1. Continuação da publicação de anúncios de casas comerciais, da Guiné. Reproduzidos, com a devida vénia, de Turismo - Revista de Arte, Paisagem e Costumes Portugueses, jan/fev 1956, ano XVIII, 2ª série, nº 2. (*).

Trata-se de uma gentileza do nosso camarada Mário Vasconcelos [,ex-alf mil trms, CCS/BCAÇ 3872, Galomaro, COT 9 e CCS/BCAÇ 4612/72,Mansoa, e Cumeré, 1973/74; foto atual à direita] que descobriu um exemplar, já raro, desta edição, no espólio do seu falecido pai.

Hoje publicamos mais de anúncios de empresários de Bissau, com interesses em Bissau: era o caso, por exemplo, da Companhia dos Grandes Armazéns ALCOBIA, SARL, com sede na baixa lisboeta, que fornecia "mobiliário e decoração" para palácios do Governo (Guiné, Bié, Congo, Luanda...), hotéis, bancos, "e muitas outras entidades oficiais e particulares do Ultramar". Era uma casa famosa, fundada em 1914, instalado num edifício oitocentista,  na Rua Ivena, 14, esquina com a Rua Capelo...  e que ainda hoje existe   com sede na Av. Roma 48 - B - lj 1, Lisboa...

Ficamos a conhecer também:

(i) A. F. Parente & Ca, que tinha ao seu cuidao "todas as obras de asfaltamento das estradas da Guiné e da cidade de Bissau";

(ii) O Quiosque de Gelados, de Teresa Fiore, com os melhores sorvetes da cidade, cerveja das melhores marcas e esplanada; pelo apelido só pode ser uma senhora italiana, ou de origem italiana;

(iii) Empresa T. da Guiné, com "carreiras para todo o interior da província e Ziguinchor [Senegal,  o vizinho do norte, colónia francesa, que se tornaria independente em 4/4/1960]

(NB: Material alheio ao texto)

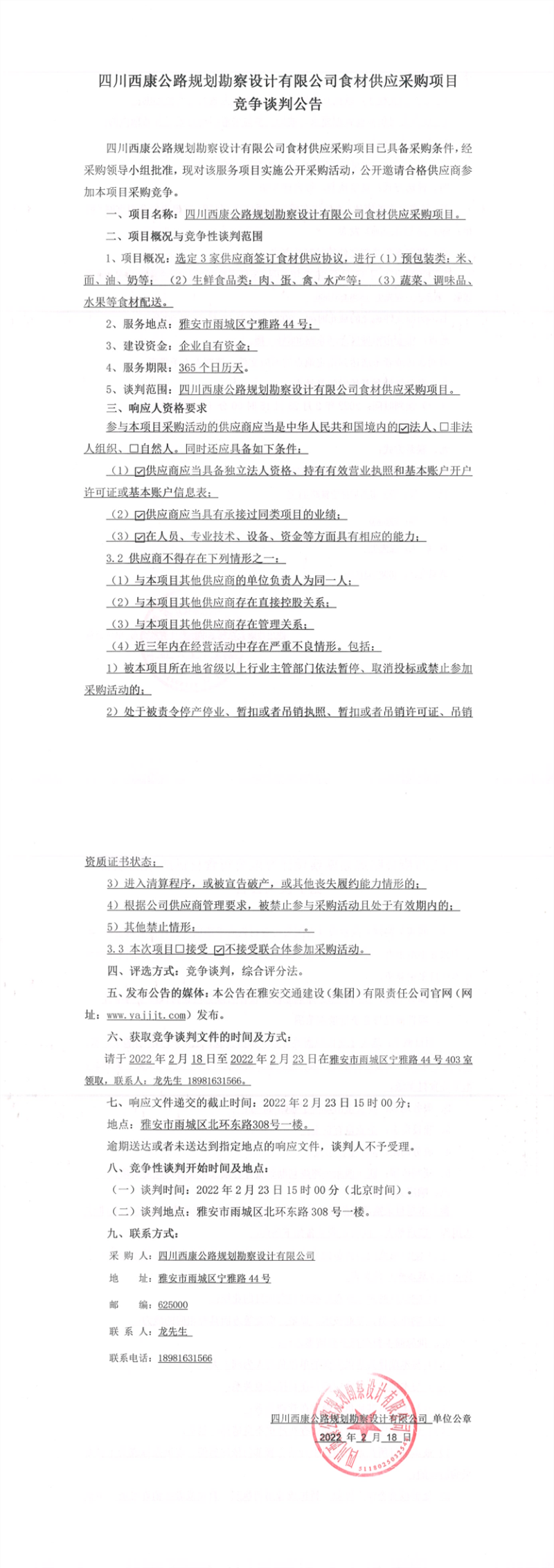 四川西康公路规划勘察设计有限公司食材供应采购项目竞争谈判公告

(iv) Estação de Serviço Especializada Auto Bissau, de José Maria Melão: bate-chapas, pintura, mecânica;

(v) Império Lda, com fábricas de gelo, refrigerantes e fundição de metais; [há colecionadores com caricas de refrigerantes da marca Império Lda,, de Bissau!]

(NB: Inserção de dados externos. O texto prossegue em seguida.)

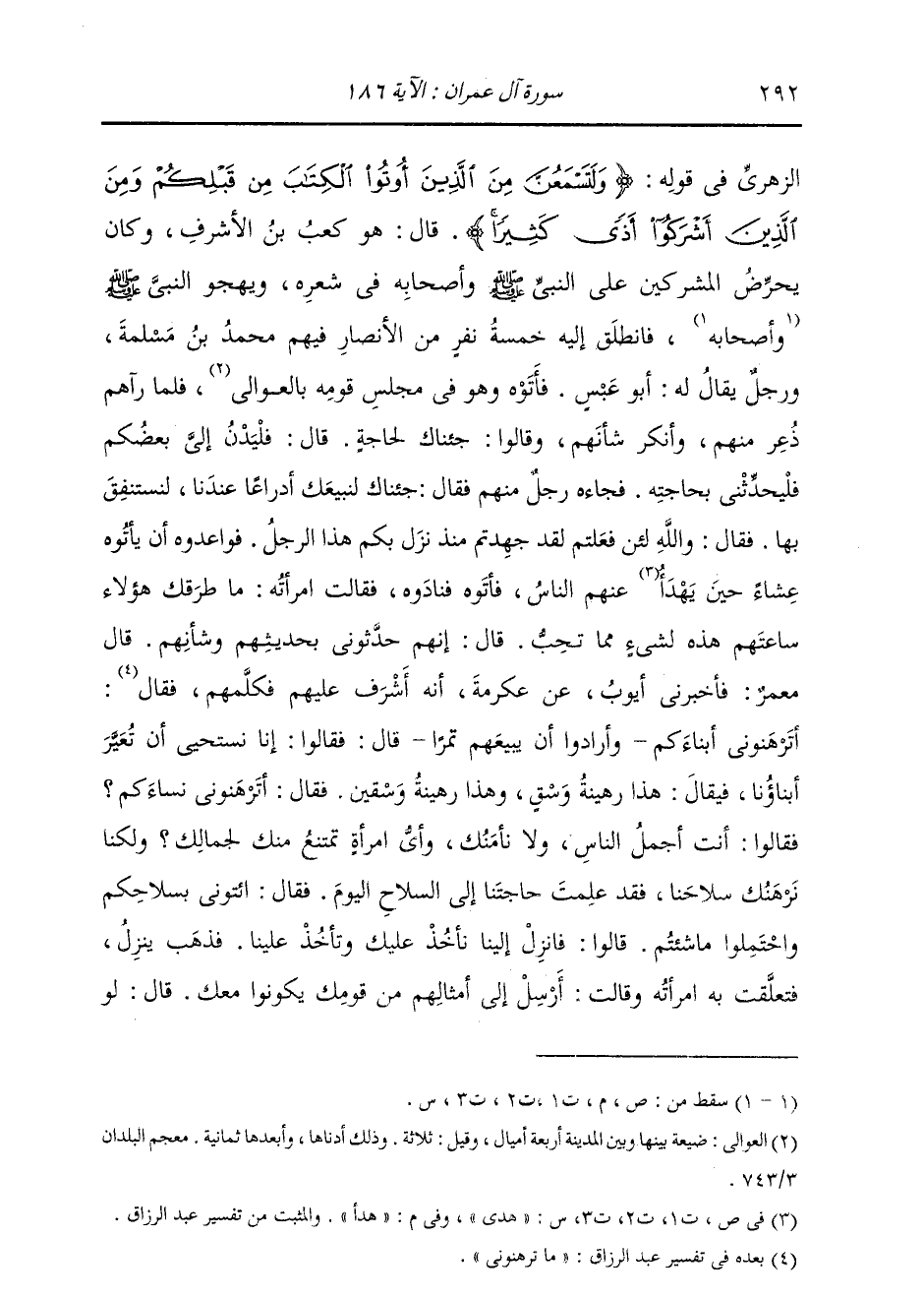 قَالَ مَعْمَرٌ: فَأَخْبَرَنِي أَيُّوبُ عَنْ عِكْرِمَةَ أَنَّهُ أَشْرَفَ عَلَيْهِمْ فَكَلَّمَهُمْ، فَقَالَ: «§أَتُرْهِنُونِي أَبْنَاءَكُمْ؟ وَأَرَادُوا أَنْ يَبِيعَهُمْ تَمْرًا» قَالَ: فَقَالُوا إِنَّا نَسْتَحْيِي أَنْ تُعَيَّرَ أَبْنَاؤُنَا فَيُقَالَ هَذَا رَهِينَةُ وَسْقٍ، وَهَذَا رَهِينَةُ وَسْقَيْنِ، فَقَالَ: «أَتُرْهِنُونِي نِسَاءَكُمْ؟» قَالُوا: أَنْتَ أَجْمَلُ النَّاسِ، وَلَا نَأْمَنُكَ، وَأَيُّ امْرَأَةٍ تَمْتَنِعُ مِنْكَ لِجَمَالِكَ؟ وَلَكِنَّا نُرْهِنُكَ سِلَاحَنَا، فَقَدْ عَلِمْتَ حَاجَتِنَا إِلَى السِّلَاحِ الْيَوْمَ، فَقَالَ: «ائْتُونِي بِسِلَاحِكُمْ، وَاحْتَمِلُوا مَا شِئْتُمْ» قَالُوا: فَانْزِلْ إِلَيْنَا نَأْخُذْ عَلَيْكَ، وَتَأْخُذْ عَلَيْنَا، فَذَهَبَ يَنْزِلُ، فَتَعَلَّقَتْ بِهِ امْرَأَتُهُ وَقَالَتْ: أَرْسِلْ إِلَى أَمْثَالِهِمْ مِنْ قَوْمِكَ يَكُونُوا مَعَكَ، قَالَ: «لَوْ -[293]- وَجَدَنِي هَؤُلَاءِ نَائِمًا مَا أَيْقَظُونِي» قَالَتْ: فَكَلِّمْهُمْ مِنْ فَوْقِ الْبَيْتِ، فَأَبَى عَلَيْهَا، فَنَزَلَ إِلَيْهِمْ يَفُوحُ رِيحُهُ، قَالُوا: مَا هَذِهِ الرِّيحُ يَا فُلَانُ؟ قَالَ: «هَذَا عِطْرُ أُمِّ فُلَانٍ امْرَأَتِهِ» فَدَنَا إِلَيْهِ بَعْضُهُمْ يَشُمُّ رَائِحَتَهُ، ثُمَّ اعْتَنَقَهُ، ثُمَّ قَالَ: اقْتُلُوا عَدُوَّ اللَّهِ، فَطَعَنَهُ أَبُو عَبْسٍ فِي خَاصِرَتِهِ، وَعَلَاهُ مُحَمَّدُ بْنُ مَسْلَمَةَ بِالسَّيْفِ، فَقَتَلُوهُ، ثُمَّ رَجَعُوا. فَأَصْبَحَتِ الْيَهُودُ مُذْعُورِينَ، فَجَاءُوا إِلَى النَّبِيِّ صَلَّى اللهُ عَلَيْهِ وَسَلَّمَ، فَقَالُوا: قُتِلَ سَيِّدُنَا غِيلَةً، فَذَكَّرَهُمُ النَّبِيُّ صَلَّى اللهُ عَلَيْهِ وَسَلَّمَ صَنِيعَهُ، وَمَا كَانَ يَحُضُّ عَلَيْهِمْ، وَيُحَرِّضُ فِي قِتَالِهِمْ، وَيُؤْذِيهِمْ، ثُمَّ دَعَاهُمْ إِلَى أَنْ يَكْتُبَ بَيْنَهُ وَبَيْنَهُمْ صُلْحًا، فَقَالَ: فَكَانَ ذَلِكَ الْكِتَابُ مَعَ عَلِيٍّ رِضْوَانُ اللَّهِ عَلَيْهِ

(vi) Jorge da Conceição Relvas de Carvalho, "O Transmontano", agente comercial (vinhos do Porto e outros produtos);

(vii) Costa & Campos Lda: agentes comerciais, representantes de Mourão da Costa Campos, Praça dos Restauradores, 13-3º Lisboa...

[Possivelmente Luís Joaquim Mourão da Costa Campos, Caranzalém,  Goa, 17.04.1903 / Lisboa 20.10.1989; no portal Geneall, lê-se que  foi: (i) funcionário do Banco Nacional Ultramarino; (ii) industrial e comerciante em Lisboa e na Guiné; (iii) grande empreendedor nas áreas da indústria hoteleira e turística; (iv) pioneiro em Portugal da atividade de catering à aviação comercial, e (v) pai de Carlos Alberto Wahnon Mourão da Costa Campos  (1927-2006), cor inf ref,   antigo comandante da CCAÇ 763 (Cufar, 1965/67) e depois do COP 3 (Bigene, 1973)].

Pormenor interessante: destas 7 empresas de Bissau, só uma tem nº de telefone no anúncio, a Empresa T. da Guiné... Era o nº 99... O telefone ainda era um luxo em 1956...Em Bissau o nº de telefone mais alto que encontrei até agora, nestes anúncios,  foi o da casa Benjamim Correia, uma das mais antigas, fundada no tempo da I República,em 1913... O nº de telefone era o... 156! Isto dá uma ideia da dimensão da rede telefónica!